Download this dataset
This data comes from a subset of the gene-level FPKM (fragments per kilobase per million sequenced reads) values from Cufflinks on an ENCODE dataset. Specifically, we look at FPKM values from two replicate RNA-Seq runs on the HUVEC cell line (GSM828373) vs two replicate RNA-Seq runs on the K562 line: (GSM828368).
There are several other methods for differential analysis of RNA-Seq data, including count based methods DESeq and edgeR as well as cuffdiff (as part of cufflinks). All of these model variance with a negative binomial model, which has been shown to be appropriate for count based data. However, FPKM values are not discrete, and none of these methods offer easy to use solutions for performing differential analysis given a table of FPKM values. Cyber-T's normal distribution error model is a reasonable approximation to use for a first pass analysis. We plan on implementing a negative binomial model derived from the same Bayesian model underlying Cyber-T in the near future.
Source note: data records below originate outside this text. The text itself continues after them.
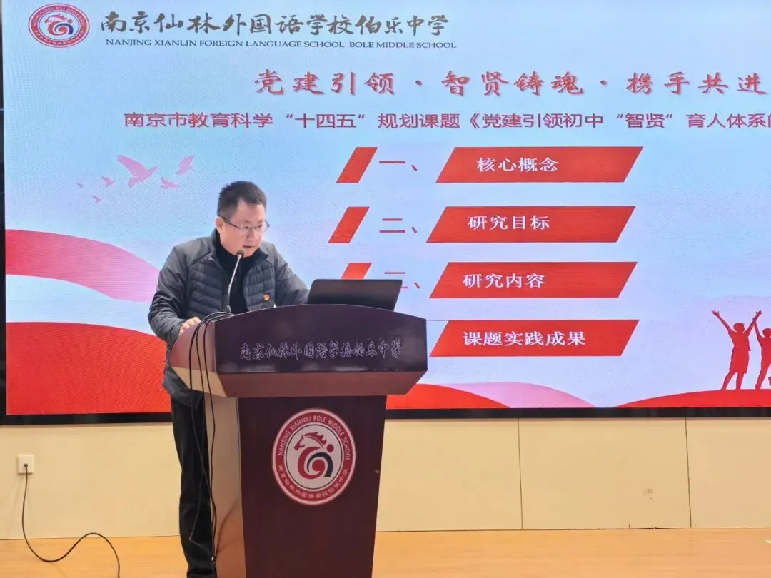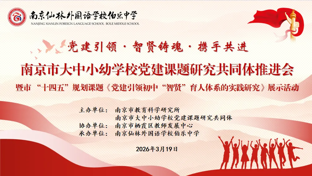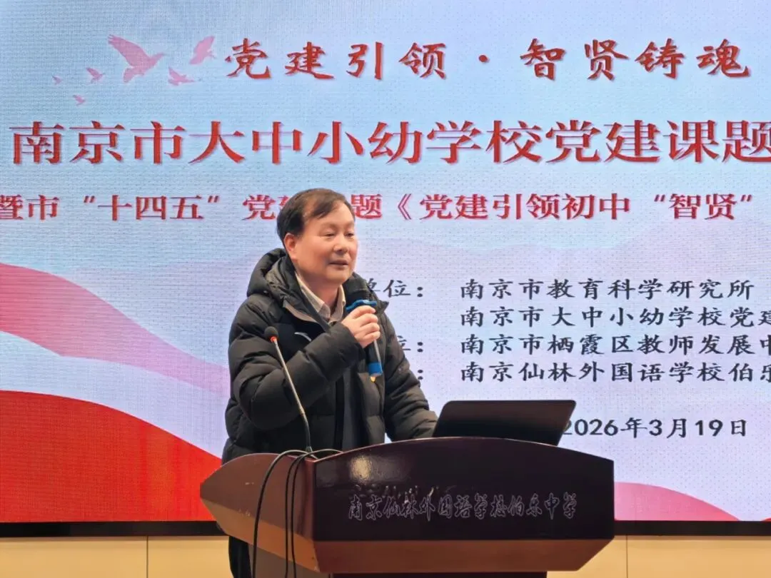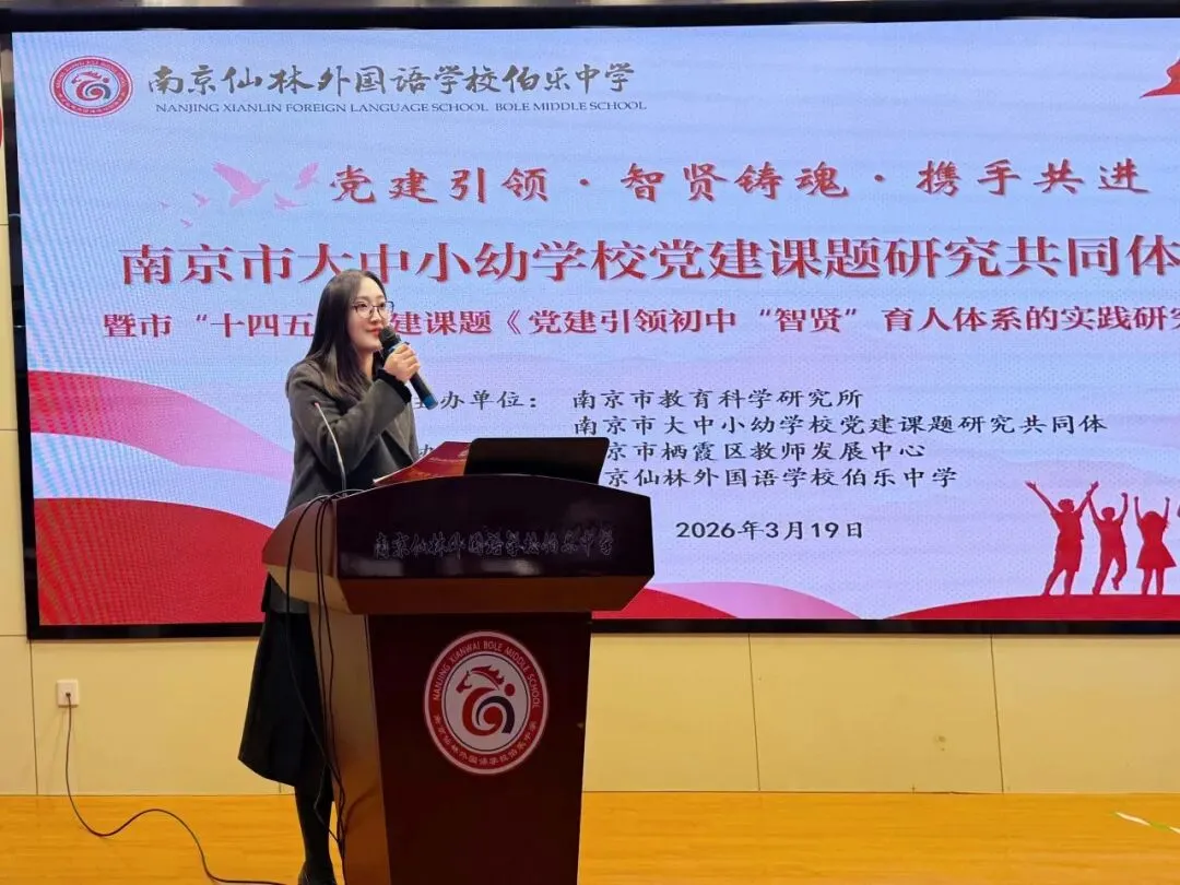 春风化雨润初心,党建引领铸师魂。2026年3月19日下午,南京市大中小幼学校党建课题研究共同体推进会暨市级“十四五”党建规划课题《党建引领初中“智贤”育人体系的实践研究》展示活动,在南京仙林外国语学校伯乐中学隆重举行。本次活动旨在深化党建与教育教学的融合,探索“课堂、课程、课题”三课联动的校本化育人新机制。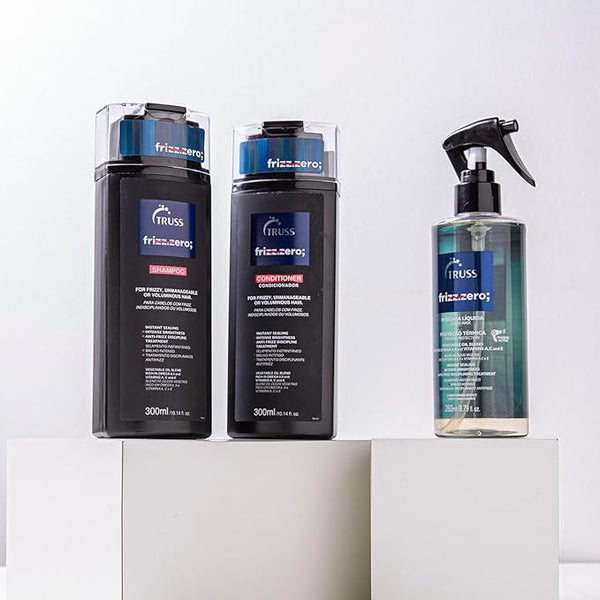 Product descriptionTRUSS Frizz ZeroShop Your TRUSS Hair Care RoutineThis is a modal window.Frizz Zero ConditionerFrizz Zero ShampooFrizz Zero LiquidAnti-Frizz OilHeat Treatment Spray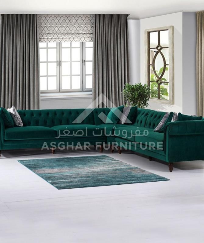 At Asghar Furniture, The modern design of the Emerson Corner Sofa makes a chic statement in any living room setting. Boasting a stunning Chesterfield inspired design, the space saving sofa is a practical and stylish addition to your home. Upholstered in smooth, luxurious velvet, the sofa features a charming deep-buttoned style complemented by elegant scrolled armrests.

The details of the data are: There is one header row. There is one label column, and then there are two control (HUVEC) columns and two experimental (K562) columns. The data has been preprocessed to remove all rows that are zero for all samples.
This performs a two-sample t-test using the Bayes-regularized variance estimates. No normalization is performed. PPDE analysis and multiple hypothesis testing correction are performed on the p-values.
This is equivalent to a standard t-test using empirical variances. No normalization is performed. PPDE analysis and multiple hypothesis testing correction are performed on the p-values.